Cari Blog Ini

Sabtu, 01 November 2014

Tentang SUCINYA DARAH

Al Ustadz Abu Ishaq Muslim Al Atsari

Yang kita maksudkan dalam pembahasan ini adalah selain darah haid dan nifas yang disepakati kenajisannya sebagaimana telah kami paparkan dalam pembahasaan terdahulu. Memang dalam perkara ini juga terdapat perselisihan namun yang rajih/kuat bahwa darah itu suci.

Ada baiknya kita menengok pembahasan yang dipaparkan Asy-Syaikh Al-Albani rahimahullah:
“(Mereka yang berpendapat najisnya darah) juga menyelisihi hadits Al-Anshari (seorang shahabat dari kalangan Anshar) yang dipanah oleh seorang musyrik ketika ia sedang shalat malam. Maka ia mencabut anak panah yang menancap di tubuhnya.
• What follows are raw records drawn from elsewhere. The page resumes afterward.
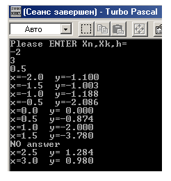 В Pascal: program z1; uses crt; var Xn,Xk,X,Y,H,Z:REAL; begin clrscr; write('‚Enter Xn,Xk,H='); readln(Xn,Xk,H); X:=Xn; repeat z:= 1-exp((0.5)*x); if z=0 then writeln('NO') else Y:=ln(6.8*sqrt(x))*(exp((1/3)*(ln(abs(Z))))*(abs(Z)/Z)); writeln('X=',X:6:1,' Y=',Y:8:3); X:=X+H; until X>=Xk+H/2; readkey; end. Результаты вычислений: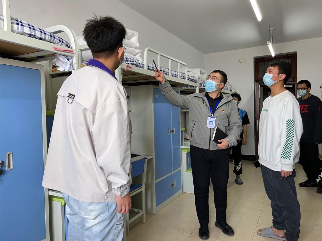 21:50前往公寓带领志愿者检查晚归、夜不归寝情况,确保全员在寝。本来只是检查归寝情况,但是看到内务脏乱的寝室还是忍不住唠叨两句,当老师就是这样,不会放过任何一个说教的机会。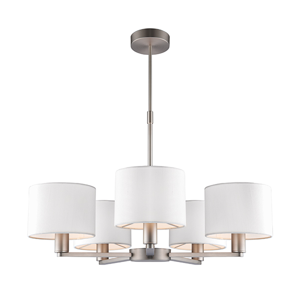 The Daley 5 light pendant is finished in matt nickel with vintage white faux silk shades. This fitting has an adjustable drop, is dimmable and suitable for use with LED lamps.
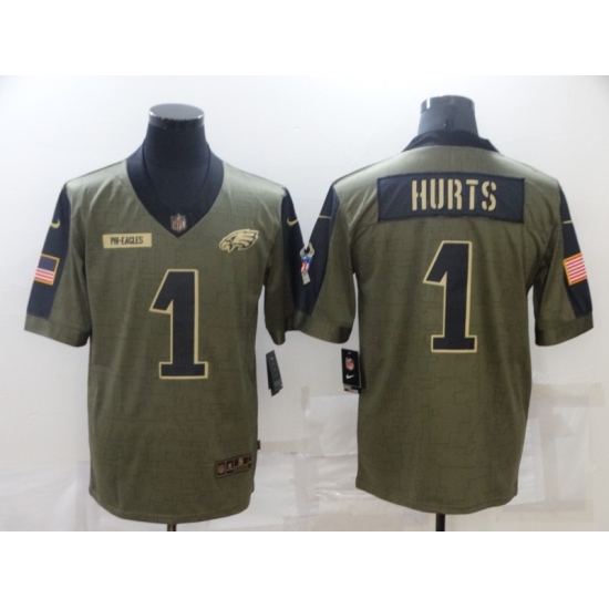 Men's Philadelphia Eagles #1 Jalen Hurts Nike Olive 2021 Salute To Service Limited Player Jersey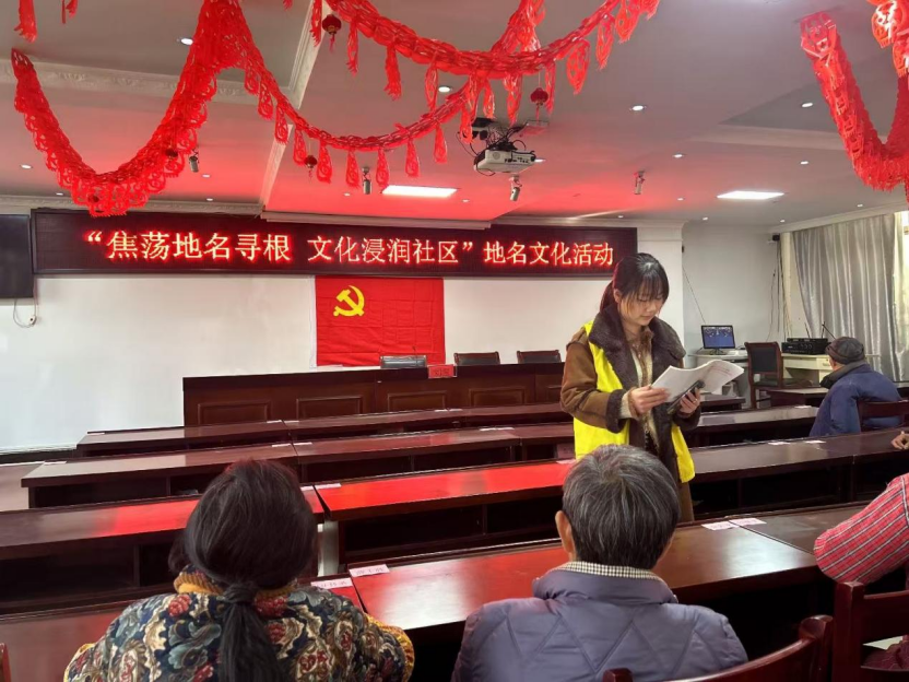 活動(dòng)開始,張橋鎮(zhèn)民政服務(wù)站工作人員結(jié)合史料記載與民間傳說,深度解讀“焦蕩”地名的起源與演變---從移民拓荒的煙火傳奇到抗戰(zhàn)時(shí)期的紅色記憶,從地理特征的生動(dòng)寫照到人文精神的代代傳承,同時(shí)串聯(lián)周邊關(guān)聯(lián)地名,勾勒出完整的本土地理文化脈絡(luò),讓村民們深刻理解地名并非簡(jiǎn)單代號(hào),而是鐫刻歷史的活態(tài)密碼,更是承載民俗習(xí)慣與價(jià)值觀念的文化載體。

Lalu ia dipanah lagi dengan tiga anak panah, namun ia tetap melanjutkan shalatnya dalam keadaan darah terus mengucur dari tubuhnya, sebagaimana yang diriwayatkan Al-Imam Al-Bukhari secara mu’allaq (terputus sanadnya dari Al-Imam Al-Bukhari sampai kepada perawi hadits) dan secara maushul (bersambung sanadnya) oleh Al-Imam Ahmad dan selainnya, dishahihkan dalam Shahih Sunan Abi Dawud (no. 193). Hadits ini dihukumi marfu’ (sampai kepada Rasulullah shallallahu alaihi wasallam) karena mustahil beliau shallallahu alaihi wasallam tidak memperhatikan hal ini. Seandainya darah yang banyak itu membatalkan wudhu niscaya beliau shallallahu alaihi wasallam akan menerangkannya. Karena tidak boleh menunda keterangan pada saat diperlukan sebagaimana hal ini diketahui dari kaidah ilmu ushul. Kalau dianggap Nabi shallallahu alaihi wasallam tidak mengetahui perbuatan shahabatnya tersebut maka tidak ada sesuatupun di langit maupun di bumi yang tersembunyi dari Allah. Seandainya darah tersebut najis atau membatalkan wudhu niscaya Allah akan mewahyukan kepada Nabi-Nya sebagaimana hal ini jelas dan tidak tersembunyi bagi seorang pun. Pendapat ini dipegangi Al-Imam Al-Bukhari sebagaimana paparan beliau terhadap sebagian atsar yang mu’allaq, yang diperjelas oleh Ibnu Hajar dalam Fathul Bari dan ini merupakan pendapat Ibnu Hazm.”

Kemudian beliau berkata:
“Adapun pembahasan masalah ini dari sisi fiqih, bisa ditinjau sebagai berikut:
Pertama: Menyamakan darah haid dengan darah yang lainnya seperti darah manusia dan darah hewan yang dimakan dagingnya adalah kesalahan yang jelas sekali dari dua sisi:
1. Tidak ada dalil yang menunjukkan hal tersebut dari Al-Qur`an dan As-Sunnah, sementara hukum asal darah terlepas dari anggapan najis kecuali ada dalil.
2. Penyamaan seperti itu menyelisihi keterangan yang datang di dalam As-Sunnah. Adapun darah seorang muslim secara khusus ditunjukkan dalam hadits Al-Anshari yang berlumuran darah ketika shalat dan ia tetap melanjutkan shalatnya. Sedangkan darah hewan ditunjukkan dalam riwayat yang shahih dari Ibnu Mas‘ud radhiallahu anhu, dia pernah menyembelih seekor unta hingga ia terkena darah unta tersebut berikut kotorannya, lalu diserukan iqamah maka ia pun pergi menunaikan shalat dan tidak berwudhu lagi. (HR. Abdurrazzaq dalam Al- Mushannaf 1/125, Ibnu Abi Syaibah 1/392, Ath-Thabrani dalam Al-Mu‘jamul Kabir 9/284 dengan sanad yang shahih darinya. Dan diriwayatkan juga oleh Al-Baghawi dalam Al Ja‘diyaat 2/887/2503)
Uqbah meriwayatkan dari Abu Musa Al-Asy‘ari radhiallahu anhu: “Aku tidak peduli seandainya aku menyembelih seekor unta hingga aku berlumuran dengan kotoran dan darahnya, lalu aku shalat tanpa aku menyentuh air.” Dan sanad atsar dari Abu Musa ini dha’if (lemah)."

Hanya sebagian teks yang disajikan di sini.